Task to carry out ::
For this exercise, copy the records below exactly and exclude every image.

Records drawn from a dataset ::
_ _ _ _ _ _ _
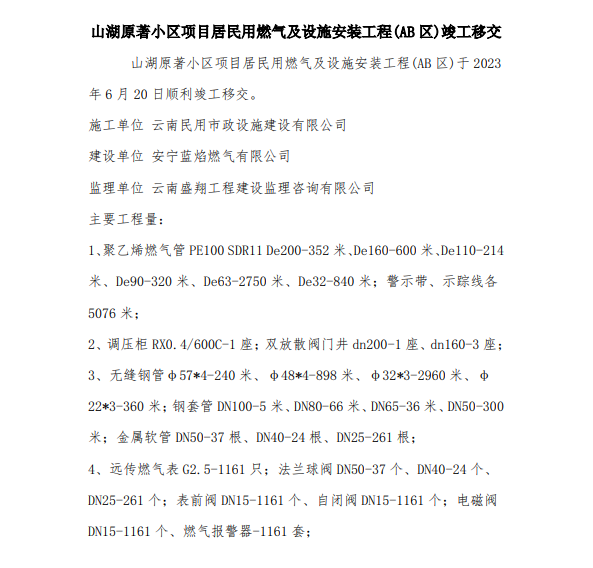 山湖原著小區(qū)項目居民用燃氣及設施安裝工程(AB區(qū))竣工移交
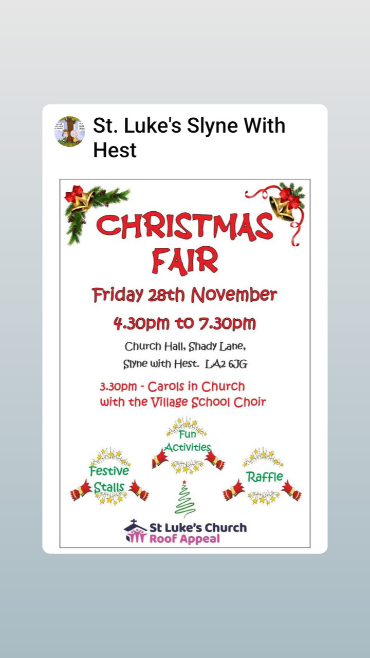 Service details can be found under the section 'Services and events'. They are currently taking place both in our Church building and  online via our facebook page; https://www.facebook.com/stwilfridshalton or on the facebook page for St Luke's Slyne with Hest.
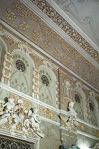 The building has two auditoriums, the main auditorium and the small auditorium. The small auditorium of the conservatoire is known for its richly decorated walls.
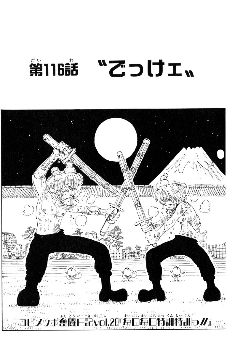 Les chapeaux de pailles rencontrent sur l'île deux géants : Nami et Usopp sont invités par l'un d'eux, Brogy, à un festin. Quand à eux, Kaloo, Vivi, et Luffy font la connaissance de Dorry qui a évité à Luffy de se retrouver dans le ventre d'un dinosaure. Les deux géants habitent sur Grand Line, mais s'affrontent depuis bientôt cent ans. Vivi ne comprend pas pourquoi leur duel dure aussi longtemps mais Luffy a une idée sur la question.
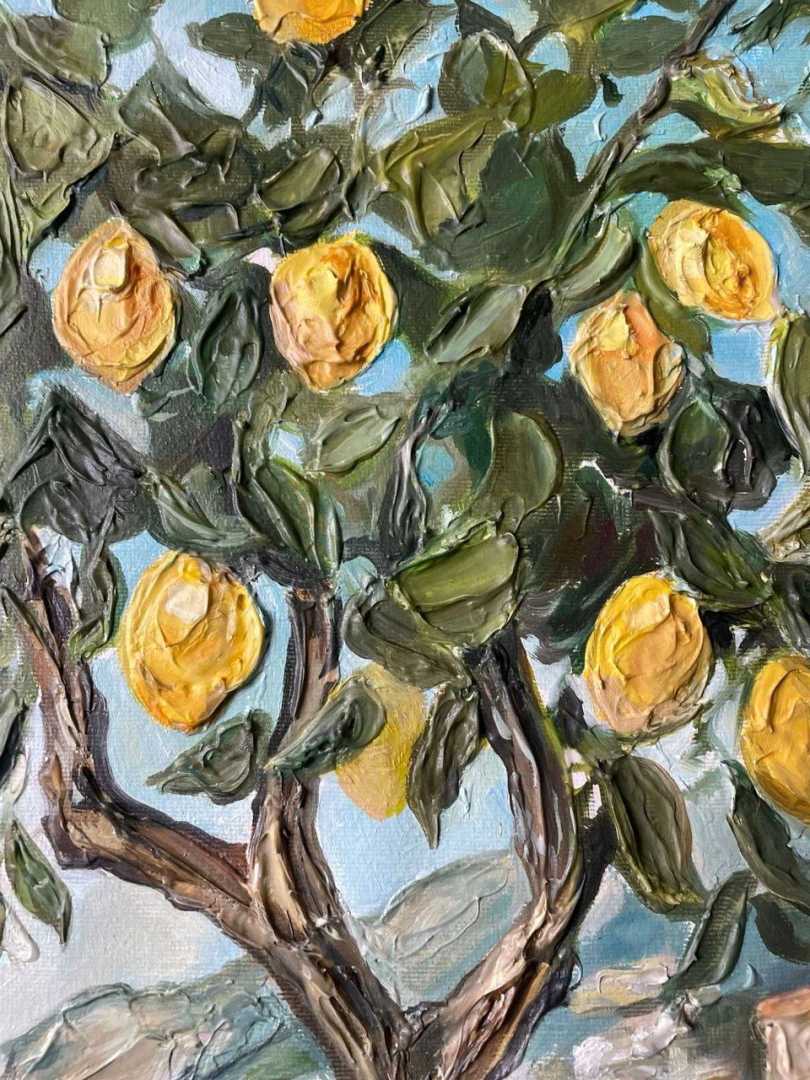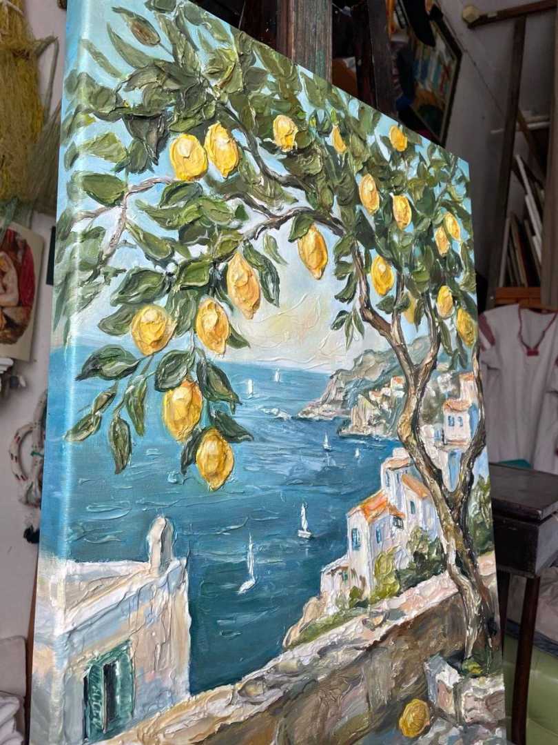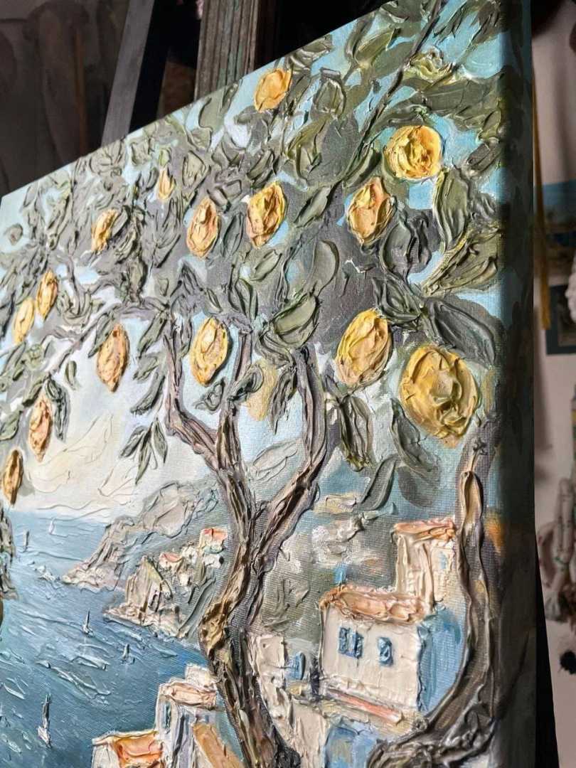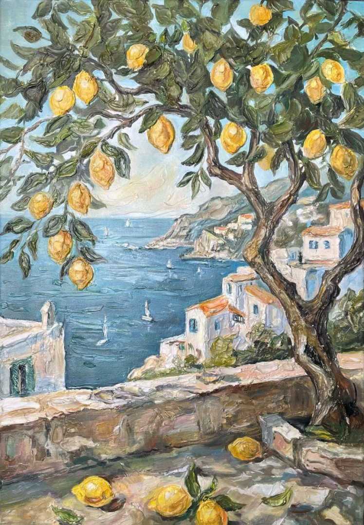 Почувствуйте тепло итальянского солнца и свежесть морского бриза, не выходя из дома! На полотне разворачивается захватывающий вид на побережье Амальфи. На переднем плане — раскидистое лимонное дерево, усыпанное спелыми, ярко-желтыми плодами. Сквоз
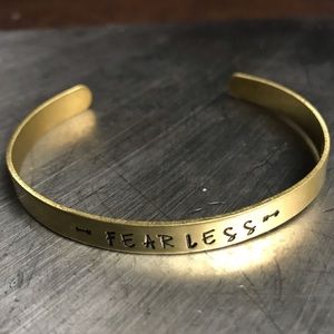 Hand stamped brass bangle bracelet. 6in in length with up to a 2in gap.
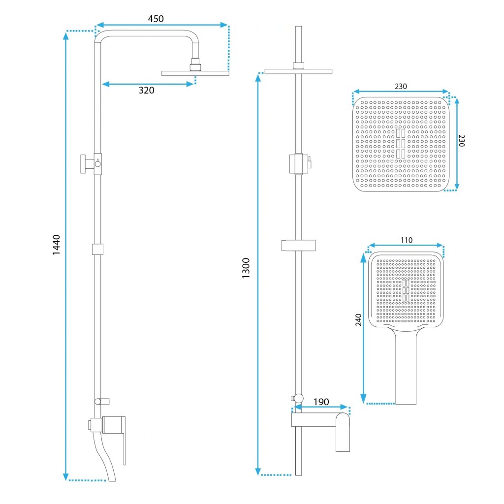 - Nastavitelná výška sprchového sloupu: max. 1400 mm
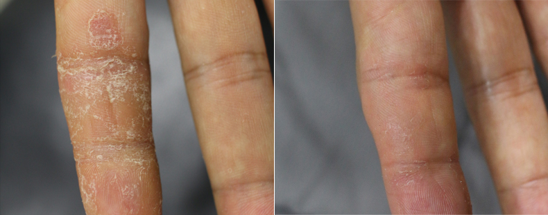 지속적인 습진성 피부염 상태로 지친 피부의 진정과
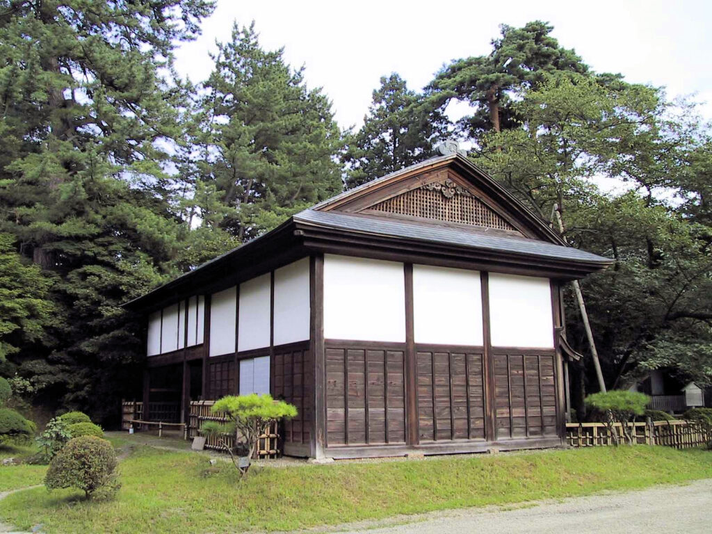 その横には唯一の現存建築物である御物頭御番所がありました。これは唯一現存する藩政時代の役所建物で、宝暦8年(1758)から安永7年(1778)の間に建築されたものと推定されています。久保田城内の二ノ門(長坂門)の開閉と城下の警備、火災消火を担当していた物頭の詰め所で、秋田市指定文化財になっています。
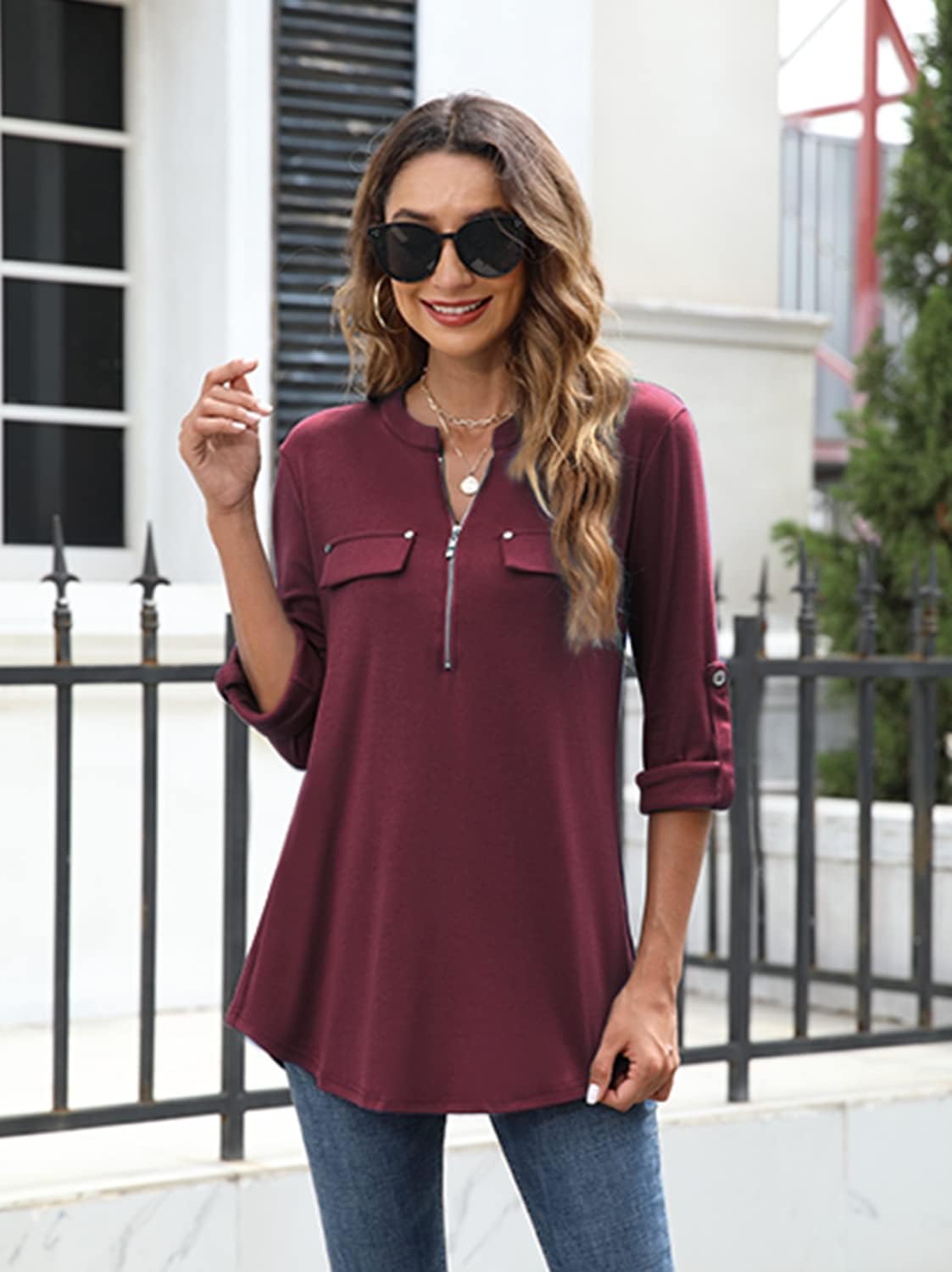Siddhe Damen V-Ausschnitt Bluse 3/4 Ärmel Tunika Reissverschluss Langshirt Langarm Hemd Tops T-Shirt
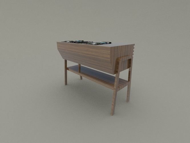 Позволяет легко разместить два (2) проигрывателя фирмы Technics и один (1) микшер в позиции scratch. Для удобства коммутации в столешнице есть отверстие для кабелей и встроенный сетевой адаптер содержащий пять (5) розеток 220В.
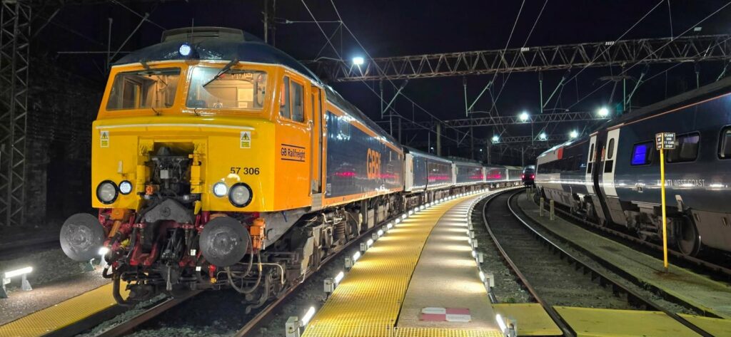 The railtour commenced at Edge Hill railway station – one of the oldest in the world – before being hauled by GB Railfreight (GBRf) locomotive No. 66701 to Liverpool Lime Street. No. 57306 then took over duties to Alstom’s Manchester Traincare Centre, while No. 66694 carried the train from Bescot Yard to Bletchley railway station. Around 300 passengers travelled on Alstom’s Depot Dash in Mark 3 carriages provided by Eastern Rail Services.
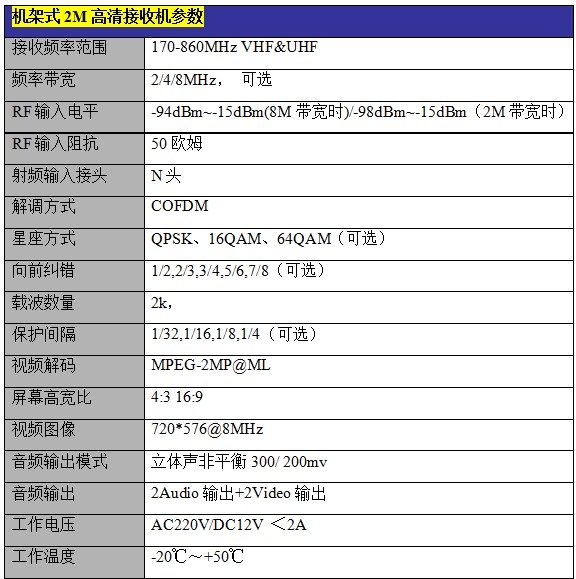 •接收灵敏度:≤0.25μV(12dB信纳比)
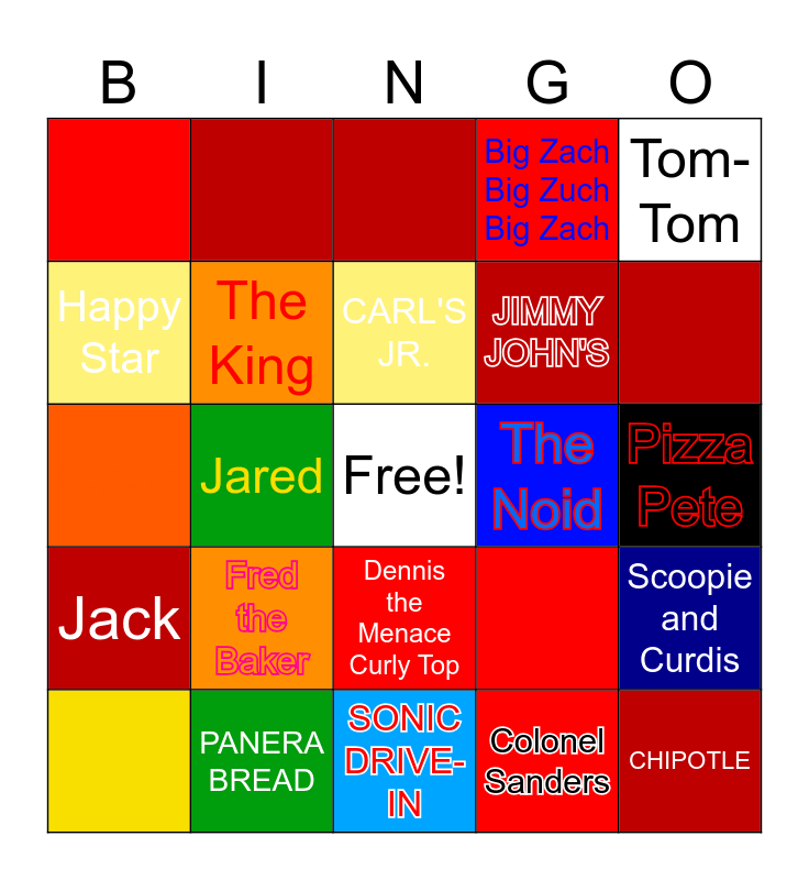 This bingo card has a free space and 29 words: Ronald McDonald, Siren, Jared, Taco Bell Chinunaha, Cow, Wendy, The King, Fred the Baker, The Noid, PANERA BREAD, Pizza Pete, CHIPOTLE, SONIC DRIVE-IN, Colonel Sanders, Oven Mitt, Little Caesar, Dennis the Menace Curly Top, Jack, Tom-Tom, Popeye, Mr. Slice, Whataguy, JIMMY JOHN'S, Happy Star, Big Zach Big Zuch Big Zach, FIVE GUYS, Scoopie and Curdis, CARL'S JR. and Big Bo Cuppy.
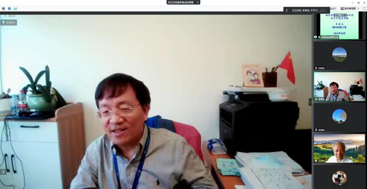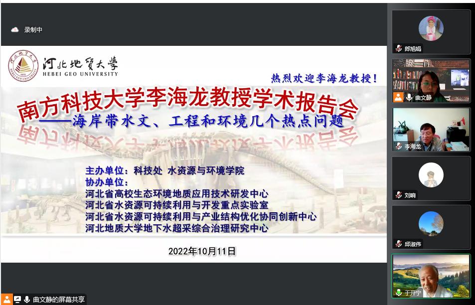 2022年10月11日下午,南方科技大学环境科学与工程学院讲席教授、博士生导师李海龙教授,应邀为bat365官网师生作了题为“海岸带水文、工程和环境的几个热点问题”的学术报告。本次活动由科技处和水资源与环境学院共同主办,河北省高校生态环境地质应用技术研发中心、河北省水资源可持续利用与开发重点实验室、河北省水资源可持续利用与产业结构优化协同创新中心、bat365正版唯一官网地下水超采综合治理研究中心协办,采用线上腾讯会议形式。水资源与环境学院院长于开宁教授主持,李铎教授、代锋刚教授等相关学科专业的师生共200余人参加了报告会。
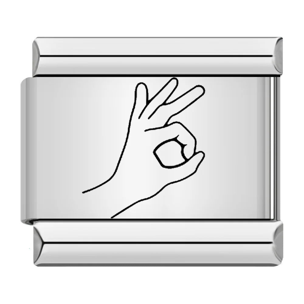 Wholesale Italian Charm Bracelet 9mm DIY Gesture Pattern Creative Stainless Steel Composable Bracelet
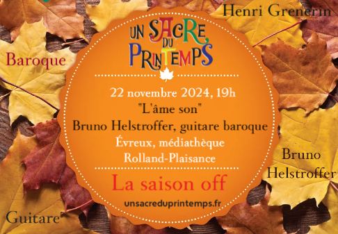 Bruno Helstroffer, auteur du CD « L’Âme son », consacré à de la musique pour un instrument oublié, la guitare baroque, propose un concert à la médiathèque pour faire découvrir et transmettre son goût pour cet instrument.
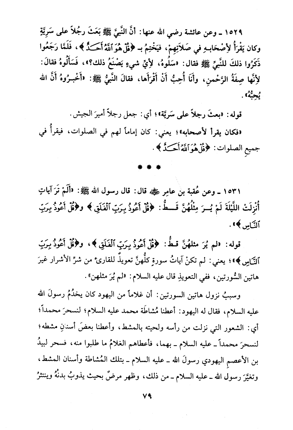 1529 - وعن عائشة رضي الله عنها: أنَّ النَّبيَّ - صلى الله عليه وسلم - بَعَثَ رجُلاً على سَرِيَّةٍ وكان يَقرَأُ لأِصْحَابهِ في صَلاَتِهِمْ، فيَخْتِمُ بـ {قُلْ هُوَ اللَّهُ أَحَدٌ}، فَلَمَّا رَجَعُوا ذَكَرُوا ذلكَ للنَّبيِّ - صلى الله عليه وسلم - فقال: "سَلُوهُ، لأِيَّ شيءٍ يَصْنَعُ ذلك؟ "، فَسَأَلوهُ فقالَ: لأِنَّها صِفَةُ الرَّحْمنِ، وأَناَ أُحِبُّ أَنْ أَقْرَأَها، فقالَ النبي - صلى الله عليه وسلم -: "أَخْبرُوهُ أَنَّ الله يُحِبُّهُ".
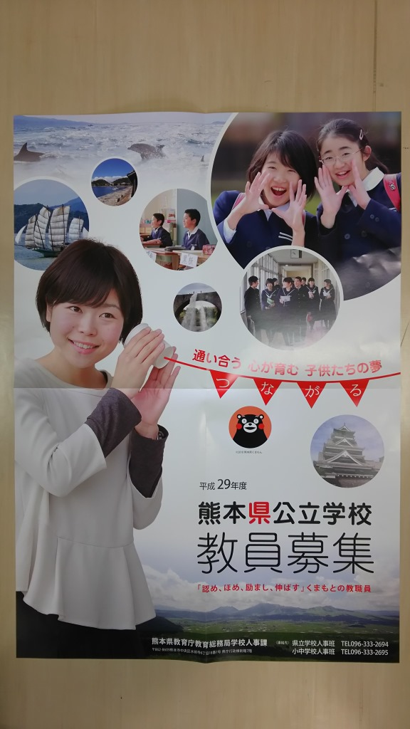 本校職員が標記ポスターの平成28年度モデルとして採用され、熊本県公立学校教員募集ポスターと募集パンフレットが完成しました。6年の児童も多数写真が掲載されています。先生をはじめ、どの子もとても明るい表情です。このポスターは熊本県内の小学校から大学までの学校はもちろん関東、関西方面の県関係の公共施設にも掲示されます。また、熊本県教育委員会HPにも掲載されています。
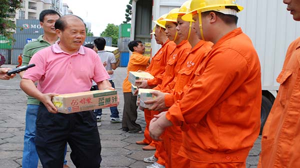 2010年7月9日区工会及容桂街道工会慰问码头高温作业员工
_ _ _ _ _ _ _
Reply ::
 山湖原著小區(qū)項目居民用燃氣及設施安裝工程(AB區(qū))竣工移交
 Service details can be found under the section 'Services and events'. They are currently taking place both in our Church building and  online via our facebook page; https://www.facebook.com/stwilfridshalton or on the facebook page for St Luke's Slyne with Hest.
 The building has two auditoriums, the main auditorium and the small auditorium. The small auditorium of the conservatoire is known for its richly decorated walls.
 Les chapeaux de pailles rencontrent sur l'île deux géants : Nami et Usopp sont invités par l'un d'eux, Brogy, à un festin. Quand à eux, Kaloo, Vivi, et Luffy font la connaissance de Dorry qui a évité à Luffy de se retrouver dans le ventre d'un dinosaure. Les deux géants habitent sur Grand Line, mais s'affrontent depuis bientôt cent ans. Vivi ne comprend pas pourquoi leur duel dure aussi longtemps mais Luffy a une idée sur la question.
 Почувствуйте тепло итальянского солнца и свежесть морского бриза, не выходя из дома! На полотне разворачивается захватывающий вид на побережье Амальфи. На переднем плане — раскидистое лимонное дерево, усыпанное спелыми, ярко-желтыми плодами. Сквоз
 Hand stamped brass bangle bracelet. 6in in length with up to a 2in gap.
 - Nastavitelná výška sprchového sloupu: max. 1400 mm
 지속적인 습진성 피부염 상태로 지친 피부의 진정과
 その横には唯一の現存建築物である御物頭御番所がありました。これは唯一現存する藩政時代の役所建物で、宝暦8年(1758)から安永7年(1778)の間に建築されたものと推定されています。久保田城内の二ノ門(長坂門)の開閉と城下の警備、火災消火を担当していた物頭の詰め所で、秋田市指定文化財になっています。
Siddhe Damen V-Ausschnitt Bluse 3/4 Ärmel Tunika Reissverschluss Langshirt Langarm Hemd Tops T-Shirt
 Позволяет легко разместить два (2) проигрывателя фирмы Technics и один (1) микшер в позиции scratch. Для удобства коммутации в столешнице есть отверстие для кабелей и встроенный сетевой адаптер содержащий пять (5) розеток 220В.
 The railtour commenced at Edge Hill railway station – one of the oldest in the world – before being hauled by GB Railfreight (GBRf) locomotive No. 66701 to Liverpool Lime Street. No. 57306 then took over duties to Alstom’s Manchester Traincare Centre, while No. 66694 carried the train from Bescot Yard to Bletchley railway station. Around 300 passengers travelled on Alstom’s Depot Dash in Mark 3 carriages provided by Eastern Rail Services.
 •接收灵敏度:≤0.25μV(12dB信纳比)
 This bingo card has a free space and 29 words: Ronald McDonald, Siren, Jared, Taco Bell Chinunaha, Cow, Wendy, The King, Fred the Baker, The Noid, PANERA BREAD, Pizza Pete, CHIPOTLE, SONIC DRIVE-IN, Colonel Sanders, Oven Mitt, Little Caesar, Dennis the Menace Curly Top, Jack, Tom-Tom, Popeye, Mr. Slice, Whataguy, JIMMY JOHN'S, Happy Star, Big Zach Big Zuch Big Zach, FIVE GUYS, Scoopie and Curdis, CARL'S JR. and Big Bo Cuppy.
 2022年10月11日下午,南方科技大学环境科学与工程学院讲席教授、博士生导师李海龙教授,应邀为bat365官网师生作了题为“海岸带水文、工程和环境的几个热点问题”的学术报告。本次活动由科技处和水资源与环境学院共同主办,河北省高校生态环境地质应用技术研发中心、河北省水资源可持续利用与开发重点实验室、河北省水资源可持续利用与产业结构优化协同创新中心、bat365正版唯一官网地下水超采综合治理研究中心协办,采用线上腾讯会议形式。水资源与环境学院院长于开宁教授主持,李铎教授、代锋刚教授等相关学科专业的师生共200余人参加了报告会。
 Wholesale Italian Charm Bracelet 9mm DIY Gesture Pattern Creative Stainless Steel Composable Bracelet
 Bruno Helstroffer, auteur du CD « L’Âme son », consacré à de la musique pour un instrument oublié, la guitare baroque, propose un concert à la médiathèque pour faire découvrir et transmettre son goût pour cet instrument.
 1529 - وعن عائشة رضي الله عنها: أنَّ النَّبيَّ - صلى الله عليه وسلم - بَعَثَ رجُلاً على سَرِيَّةٍ وكان يَقرَأُ لأِصْحَابهِ في صَلاَتِهِمْ، فيَخْتِمُ بـ {قُلْ هُوَ اللَّهُ أَحَدٌ}، فَلَمَّا رَجَعُوا ذَكَرُوا ذلكَ للنَّبيِّ - صلى الله عليه وسلم - فقال: "سَلُوهُ، لأِيَّ شيءٍ يَصْنَعُ ذلك؟ "، فَسَأَلوهُ فقالَ: لأِنَّها صِفَةُ الرَّحْمنِ، وأَناَ أُحِبُّ أَنْ أَقْرَأَها، فقالَ النبي - صلى الله عليه وسلم -: "أَخْبرُوهُ أَنَّ الله يُحِبُّهُ".
 本校職員が標記ポスターの平成28年度モデルとして採用され、熊本県公立学校教員募集ポスターと募集パンフレットが完成しました。6年の児童も多数写真が掲載されています。先生をはじめ、どの子もとても明るい表情です。このポスターは熊本県内の小学校から大学までの学校はもちろん関東、関西方面の県関係の公共施設にも掲示されます。また、熊本県教育委員会HPにも掲載されています。
 2010年7月9日区工会及容桂街道工会慰问码头高温作业员工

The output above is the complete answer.